The "no matter which state we are in" there is generally not true; in general, the expected return depends on the state we are in and the action we choose, not just the action.

In general, I wouldn't say that a policy is a mapping from states to actions, but a mapping from states to probability distributions over actions. That would only be equivalent to a mapping from states to actions for deterministic policies, not for stochastic policies.

Assuming that our agent has access to (estimates of) value functions $Q(s, a)$ for state-action pairs, the greedy and $\epsilon$-greedy policies can be described in precisely the same way.

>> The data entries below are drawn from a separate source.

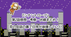 「まだ観てないけど気になる」方も、「一度観たけど整理したい」方も歓迎!この記事では第2話のポイントをわかりやすくまとめました。
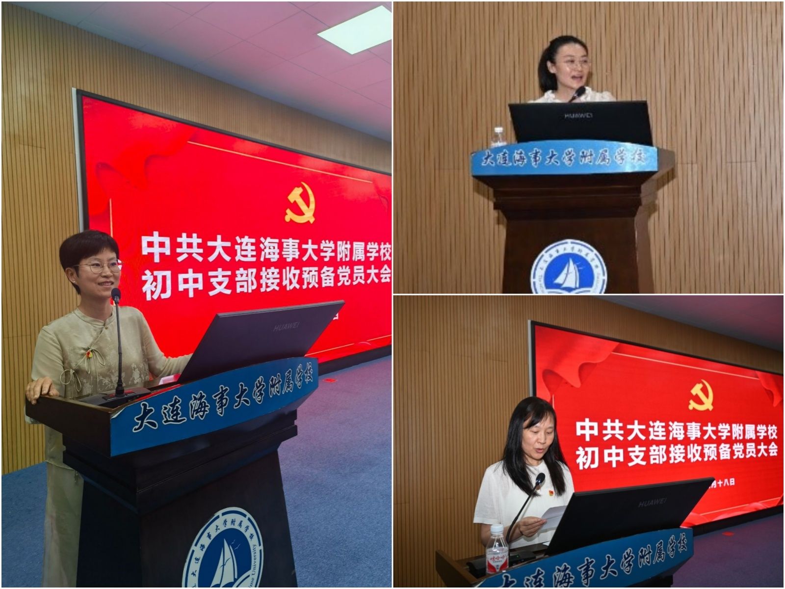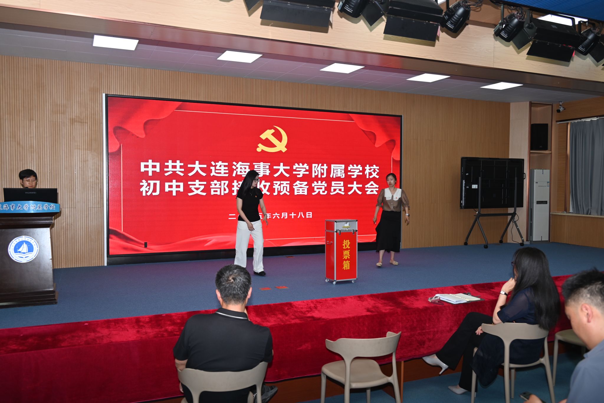 6月18日下午,中共大连海事大学附属学校初中支部委员会在阶梯教室召开接收预备党员大会,审议并通过杨小庆同志的入党申请。会议由党支部书记张乐主持,支部全体党员及入党积极分子参加。
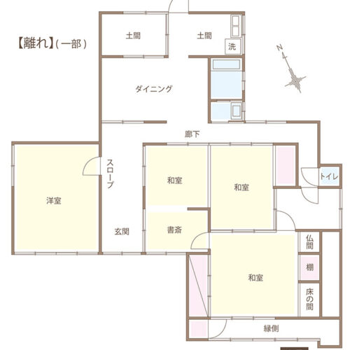 間取り 7LDK(母屋)、5D+土間(離れ) 構造

Let $\pi_g (s, a)$ denote the probability assigned to an action $a$ in a state $s$ by the greedy policy. For simplicity, I'll assume there are no ties (otherwise it would in practice be best to randomize uniformly across the actions leading to the highest values). This probability is given by:

$$ \pi_g (s, a) = \begin{cases} 1, & \text{if } a = \arg\max_{a'} Q(s, a') \\ 0, & \text{otherwise} \end{cases} $$

Similarly, $\pi_{\epsilon} (s, a)$ could denote the probability assigned by an $\epsilon$-greedy strategy, with probabilities given by:

$$ \pi_{\epsilon} (s, a) = \begin{cases} (1 - \epsilon) + \frac{\epsilon}{\vert \mathcal{A}(s) \vert}, & \text{if } a = \arg\max_{a'} Q(s, a') \\ \frac{\epsilon}{\vert \mathcal{A}(s) \vert}, & \text{otherwise} \end{cases} $$ where $\vert \mathcal{A}(s) \vert$ denotes the size of the set of legal actions in state $s$.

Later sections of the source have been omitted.